Three gradients in one codebase

Part 3 of From Saturday to Co-Author. Part 2 covered the fold under the tree. This series is dedicated to Stephen Jordan.

By Monday evening the evaluator from Part 2 computed $\tilde c(p)$ at usable depths in seconds. That was the engine for evaluating a fixed set of angles. The science of the project, though, was a maximum: for each $(k, D, p)$, what is the largest $\tilde c$ that QAOA can reach by choosing the angles well? The answer is not a single evaluation. It is an optimisation, over $2p$ real numbers, of a smooth non-convex function, and the workhorse method for that kind of optimisation needs gradients.
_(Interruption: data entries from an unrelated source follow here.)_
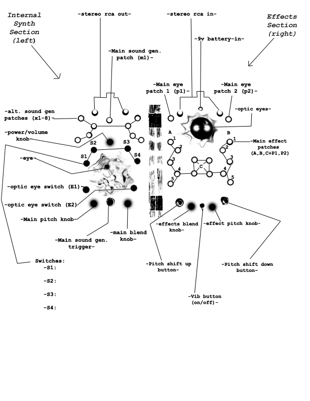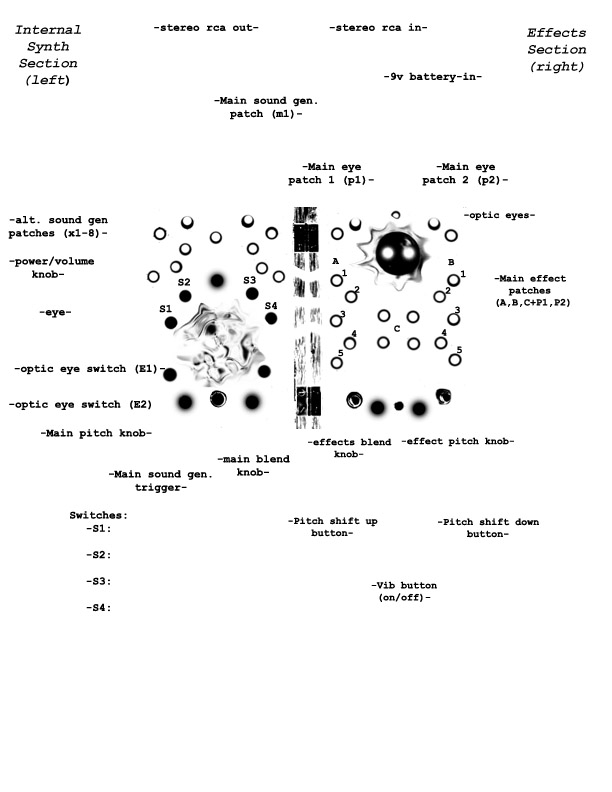 The synth section creates waves, occasionally dueling with modulation...It has controls for distortions, optical played pitch from extremely low to very high (adjustable), modulations controls, noise generation, and the ability to have the effects section alter the synth to great degree... The sounds are sometimes soft and subtle and at others loud and insane...It is a device that is ever changing - though the basic foundation for any sound or effect can be reestablished again and again. The work of art is not in just the physical presentation, nor in just the sound...The piece in it's entirety is the only way to understand what it represents...it is something ancient and decomposing made to be alive and ever-changing...it is compost - future relics - ancient remnants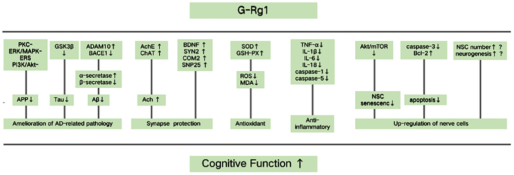 The present study showed that G-Rg1 could improve learning and memory function in most animal models of AD. The potential mechanisms involved included antioxidant and anti-inflammatory effects, amelioration of AD-related pathology, synapse protection, and up-regulation of nerve cells via multiple signaling pathways.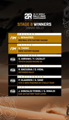 Saood Variawa y Henk Lategan le brindan a Sudfrica su cuarto doblete en la historia del Dakar, todos ellos conquistados en tierras saudes. El primero se remonta a la quinta etapa de la edicin 2021, ganada por Giniel de Villiers por delante de Brian Baragwanath. Un ao ms tarde, De Villiers se impuso por delante de Lategan... aqu mismo, en Wadi ad-Dawasir, durante la novena etapa! Por ltimo, Lategan gan la quinta etapa de 2025 tras imponerse a Guy Botterill.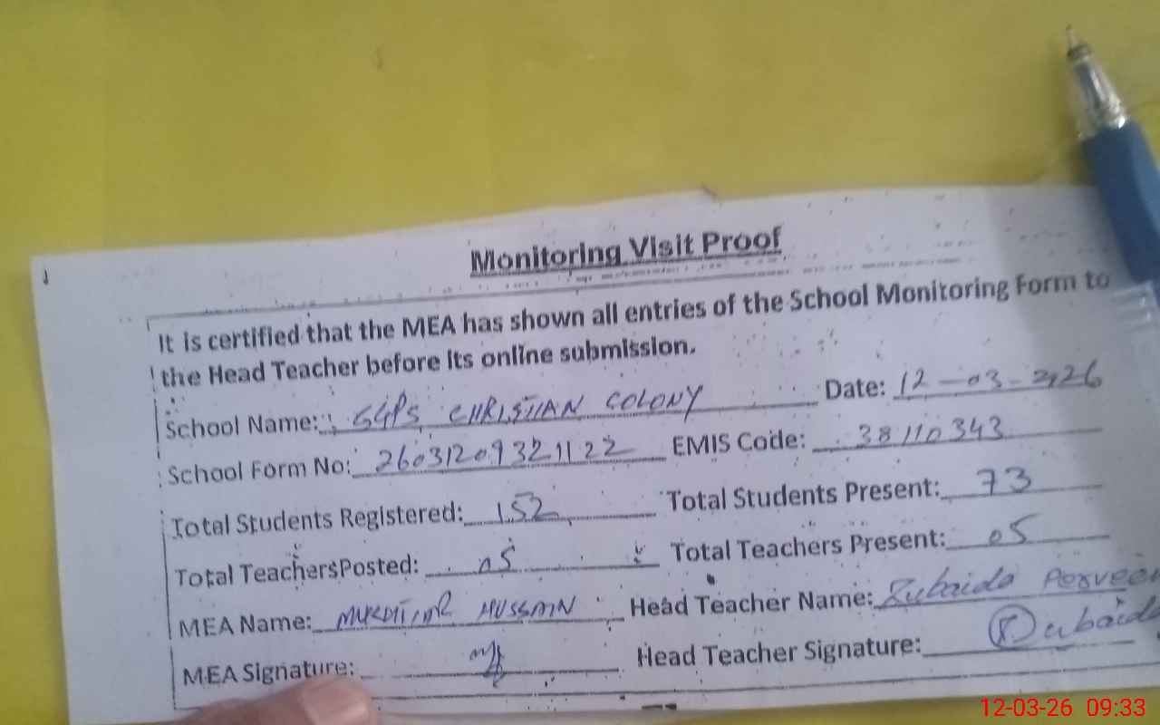 | EMIS Code: 38110343 | Name of School: GGPS CHRISTIAN COLONY | |||
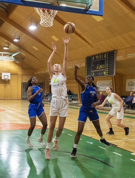 Franzi Bauer und Agi Röth eröffneten den dritten Spielabschnitt mit je einem getroffenen 3-Punkte-Wurf und stellten auf 48:29. Auf Seiten der Gäste war es wieder Flora Göd, die den Rückstand verkürzen konnte, ehe LouLou Kenens mit einem Freiwurf und Michelle Slunecko mit einem weiteren 3-Punkte-Wurf den Vorsprung für die Flames weiter ausbauen konnten. Mit viel Kampfgeist konnten die jungen Gäste den Rückstand wieder auf 13 Punkte verkürzen. Nun legten die Basket Flames wieder einen Zahn zu und beendeten das Viertel mit einem 8:2 Run. Score: 58:41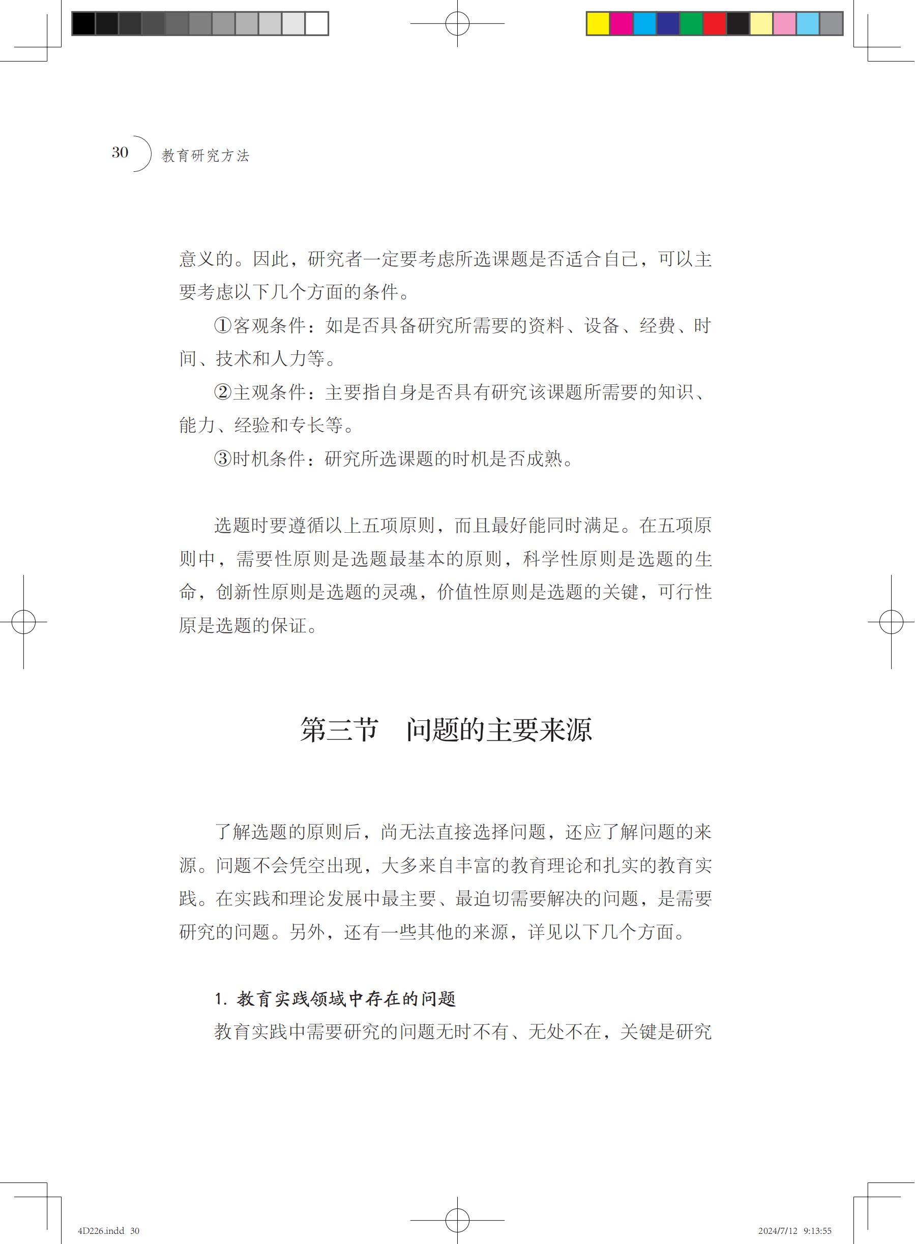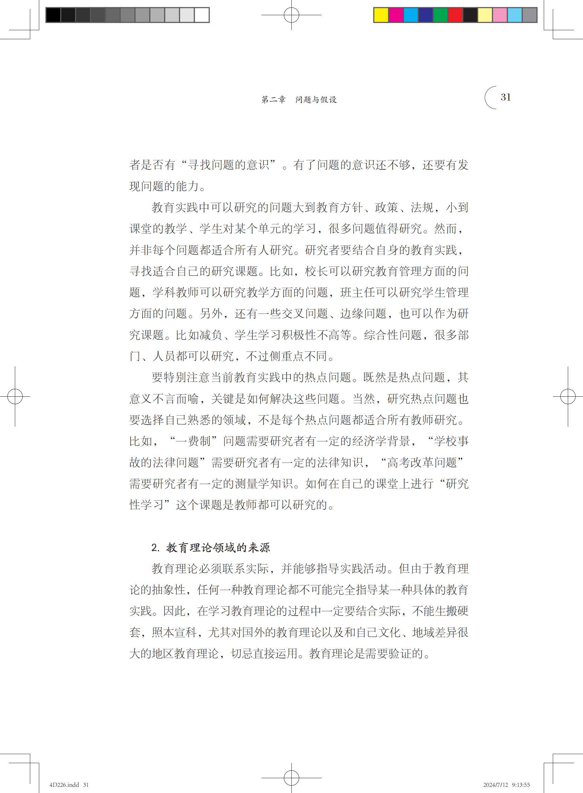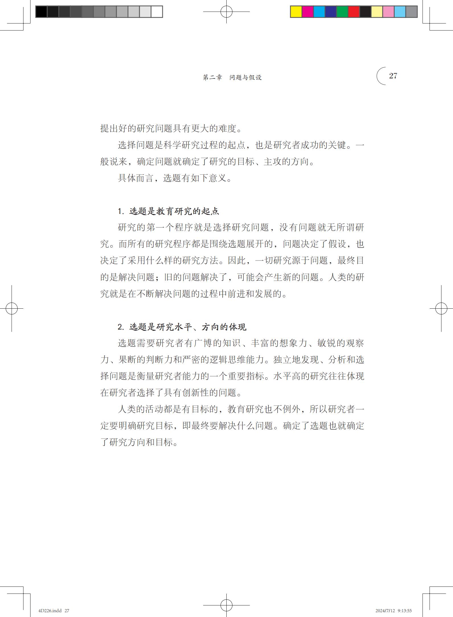 本书分为四大部分。第一部分,主要介绍中小学教育科研的基本知识和基本理论,包括教育科研概论、教育科研的特点与程序、问题的选择与假设的提出、文献的查阅与分析、样本的选择、数据的处理与分析等;第二部分主要介绍各种具体的在中小学教育科研中常用的研究方法,其中有些还是比较新的研究方法,比如质的研究法、行动研究法、叙事研究法等;第三部分是关于如何进行研究设计与撰写学术论文;第四部分是附录以及参考文献等,这一部分附上了采用几种研究方法的研究论文,以及研究设计的案例和一些常用的问卷等。

This post is about what it took to give it gradients. Three strategies ended up in the codebase. Two of them got us through depth 9 on Tuesday afternoon, the day after the evaluator first compiled. The third, the one that earned the rest of the project, took a sheet of paper and an afternoon.

What the optimiser actually wants

The QAOA angles are a vector $(\gamma_1, \ldots, \gamma_p, \beta_1, \ldots, \beta_p) \in \mathbb{R}^{2p}$. The evaluator is a smooth function of those angles. The function has many local maxima at high depth, but it is smooth, so quasi-Newton methods are the natural fit. We used L-BFGS: a method that approximates the local curvature of the objective from the last few gradient values, and steps in a direction that respects that curvature rather than just running straight up the slope.
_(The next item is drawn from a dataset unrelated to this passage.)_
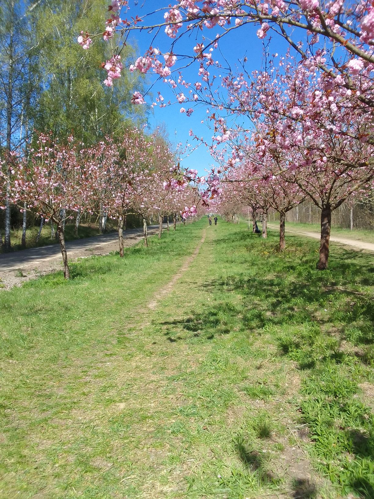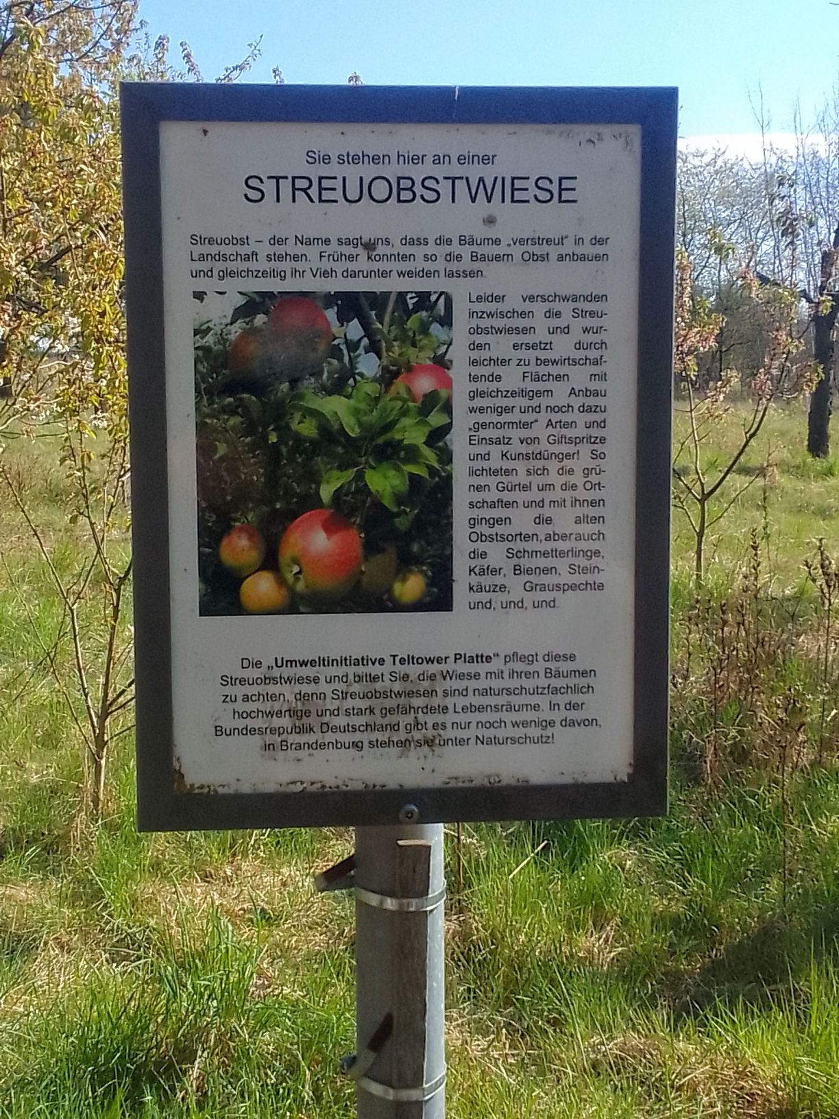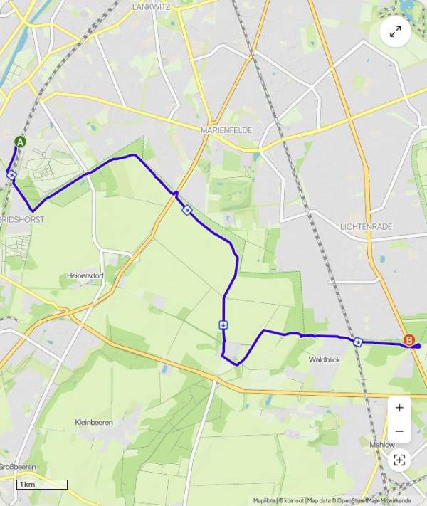 Unsere Route startete am S-Bahnhof Lichterfelde Süd und führte uns entlang des Mauerweges durch die vom japanischen TV-Sender Asashi zur deutschen Wiedervereinigung gestifteten Kirschblütenallee. Es handelt sich hierbei um die längste Kirschblütenallee in Berlin. Entgegen unserer ursprünglichen Pläne haben wir unsere Tour aber nicht bis Mahlow fortgesetzt, sondern haben stattdessen einen kleinen Umweg im das Dörfchen Birkholz gemacht (leider war der dortige Biergarten “Sohny's Hexenhaus” geschlossen) und sind zur Streuobstwiese auf der Teltower Platte gewandert. Von dort hat uns der Bus zum S-Bahnhof Lichtenrade zurück in die Innenstadt gebracht.

L-BFGS does not need second derivatives. It does need a gradient at every point it visits, and it is unforgiving of bad ones. Give it noisy gradients and it will confidently walk off a cliff. Give it correct gradients and it converges in tens of iterations on problems where plain gradient descent takes thousands.

So: the evaluator’s existence buys nothing on its own; an optimisation loop needs a gradient function on top of it. Three ways of producing one ended up in the codebase. They are not equivalent.

The first try: finite differences

The textbook estimator is

\[\frac{\partial \tilde c}{\partial \gamma_i} \;\approx\; \frac{\tilde c(\gamma_i + h) - \tilde c(\gamma_i - h)}{2h}.\]

It is universal: it treats the evaluator as a black box. The whole gradient costs $4p + 1$ evaluations: one centre plus two per parameter. At $p = 14$ that is 57 evaluations per gradient call, which is more than it sounds but not the killer.

The killer is precision. The evaluator does $O(4^p)$ complex additions per call; each addition pays floating-point roundoff; the noise floor of $\tilde c$ grows with $p$. By $p = 4$, there is no step size $h$ that makes the truncation error and the roundoff error small at the same time. L-BFGS receives gradient estimates with a sign that is sometimes wrong, and stops converging. It does not warn you. It just oscillates.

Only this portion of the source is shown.